WHAT THIS TASK INVOLVES:
Before you write out the listing, remove the pictures; everything else stays exactly as it is.

SUPPLIED INFORMATION:
┄┄┄┄┄┄┄┄┄┄┄┄┄┄┄┄┄┄┄┄
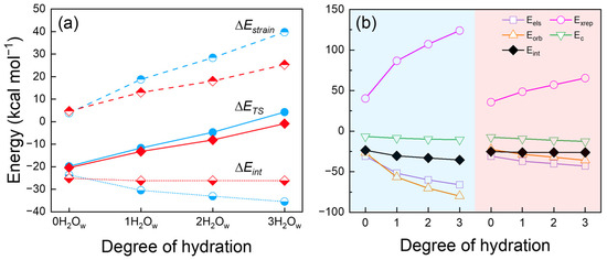 (a) Energy decomposition analysis (EDA) performed at the B3LYP-D3/ECP/d level for the TS of the microsolvated HO−(H2Ow)n=0–3 + CH3CH2Br reactions, comparing the inv-SN2 (red line) and anti-E2 (blue line) pathways. (b) Results of the sobEDA analysis at the same theoretical level for the TS of the microsolvated HO−(H2Ow)n=0–3 + CH3CH2Br reactions, presented with a red background for inv-SN2 and a blue background for anti-E2. Where ∆Eint: interaction energy, ∆Eels: electrostatic energy, ∆Ex: exchange energy, ∆Erep: Pauli repulsion, ∆Eorb: orbital interaction, ∆EDFTc: correlation energy, ∆Edc: dispersion correction. Among them, ∆Eint = ∆Eels + ∆Exrep + ∆Eorb + ∆Ec, ∆Exrep = ∆Ex + ∆Erep, ∆Ec = ∆EDFTc + ∆Edc.
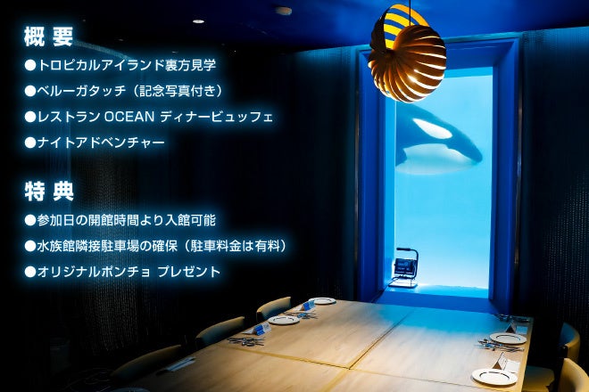 体験プログラムには、バックヤードツアーや「ベルーガにタッチ」などがあり、ディナービュッフェも提供されます。
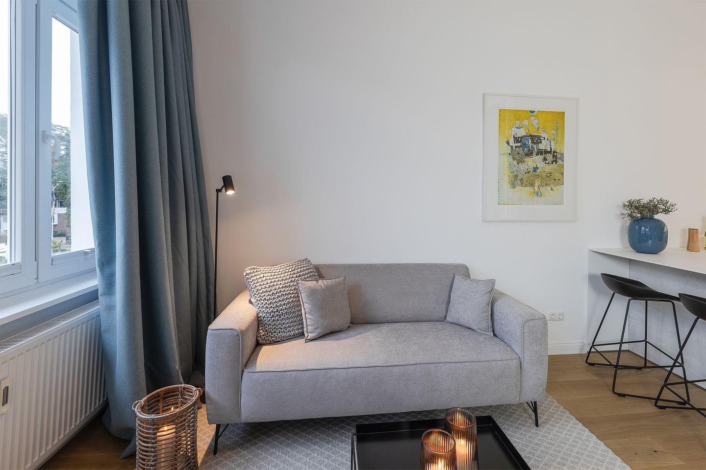 Stilvolle Ferienwohnung Meerzeit am Timmendorfer Strand mit historischem Charme, modernem Komfort und kleinem Meerblick.
┄┄┄┄┄┄┄┄┄┄┄┄┄┄┄┄┄┄┄┄
ANSWER FOR THIS EXERCISE:
 (a) Energy decomposition analysis (EDA) performed at the B3LYP-D3/ECP/d level for the TS of the microsolvated HO−(H2Ow)n=0–3 + CH3CH2Br reactions, comparing the inv-SN2 (red line) and anti-E2 (blue line) pathways. (b) Results of the sobEDA analysis at the same theoretical level for the TS of the microsolvated HO−(H2Ow)n=0–3 + CH3CH2Br reactions, presented with a red background for inv-SN2 and a blue background for anti-E2. Where ∆Eint: interaction energy, ∆Eels: electrostatic energy, ∆Ex: exchange energy, ∆Erep: Pauli repulsion, ∆Eorb: orbital interaction, ∆EDFTc: correlation energy, ∆Edc: dispersion correction. Among them, ∆Eint = ∆Eels + ∆Exrep + ∆Eorb + ∆Ec, ∆Exrep = ∆Ex + ∆Erep, ∆Ec = ∆EDFTc + ∆Edc.
 体験プログラムには、バックヤードツアーや「ベルーガにタッチ」などがあり、ディナービュッフェも提供されます。
 Stilvolle Ferienwohnung Meerzeit am Timmendorfer Strand mit historischem Charme, modernem Komfort und kleinem Meerblick.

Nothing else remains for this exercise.